Real-time fraud detection pipeline demonstrating the evolution from batch file processing to distributed Spark Streaming — built to production-grade architecture standards.
→ https://hpk369.github.io/bank-platform/
Streams 200,000 synthetic banking transactions through real-time fraud detection in the browser — no setup required. Runs the full pipeline locally with FastAPI + WebSocket when the backend is available, or falls back to a built-in JavaScript simulator.
This project models the three-stage data engineering evolution commonly seen in production banking systems:
| Stage | Technology | Throughput | Use Case |
|---|---|---|---|
| 1. File Mode | Python + JSON | ~1,000 txn/s | Prototyping & learning |
| 2. Kafka Mode | Apache Kafka | ~10,000 txn/s | Microservices & real-time |
| 3. Spark Streaming | Spark + Kafka | 33,000+ txn/s | Distributed production scale |
The same fraud detection logic runs across all three modes, making the architectural trade-offs concrete and measurable.

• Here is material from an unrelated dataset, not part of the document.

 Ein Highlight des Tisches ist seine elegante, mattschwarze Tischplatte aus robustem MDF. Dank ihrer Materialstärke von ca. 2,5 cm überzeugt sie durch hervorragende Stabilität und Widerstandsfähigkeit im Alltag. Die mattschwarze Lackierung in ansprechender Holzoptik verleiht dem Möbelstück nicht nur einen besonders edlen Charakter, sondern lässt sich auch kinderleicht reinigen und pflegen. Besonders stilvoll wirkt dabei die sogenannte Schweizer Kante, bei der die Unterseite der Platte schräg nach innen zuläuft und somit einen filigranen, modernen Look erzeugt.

┌─────────────────────────────────────────────────────────────────┐
│ FILE MODE (Baseline) │
│ Transaction Generator → JSON File → Fraud Detector → Report │
└─────────────────────────────────────────────────────────────────┘
┌─────────────────────────────────────────────────────────────────┐
│ KAFKA MODE (Real-Time) │
│ Generator ──► [banking-transactions] ──► Fraud Detector │
│ Kafka Topic │ │
│ [fraud-alerts] │
│ Kafka Topic │
└─────────────────────────────────────────────────────────────────┘
┌─────────────────────────────────────────────────────────────────┐
│ SPARK STREAMING MODE (Production) │
│ Generator ──► Kafka ──► Spark Structured Streaming │
│ │ (distributed across cluster) │
│ ┌────┴────┐ │
│ [fraud-alerts] [processed-transactions] │
│ Kafka Topics → Analytics │
└─────────────────────────────────────────────────────────────────┘
| Layer | Technology |
|---|---|
| Stream Processing | Apache Spark Structured Streaming (PySpark) |
| Message Broker | Apache Kafka (Producer/Consumer) |
| API Server | FastAPI + WebSocket (asyncio) |
| Dataset | Synthetic PaySim-style — 200K transactions, 11 MB |
| Dashboard | Vanilla JS + Chart.js (WebSocket / browser simulator) |
| CI/CD | GitHub Actions → GitHub Pages |
| Language | Python 3.10+ |
Four rules run on every transaction, identical across all three pipeline modes:
| Rule | Logic | Severity |
|---|---|---|
HIGH_AMOUNT |
Any transaction > $200,000 | High |
BALANCE_DRAIN |
TRANSFER/CASH_OUT leaves origin balance at $0 | Critical |
TRANSFER_SPIKE |
TRANSFER with amount > $150,000 | High |
DATASET_FRAUD |
Labelled fraud in source dataset | Critical |
bank-platform/
├── src/
│ ├── api_server.py # FastAPI + WebSocket streaming server
│ ├── demo_streamer.py # Replays dataset through fraud rules (80 rows/s)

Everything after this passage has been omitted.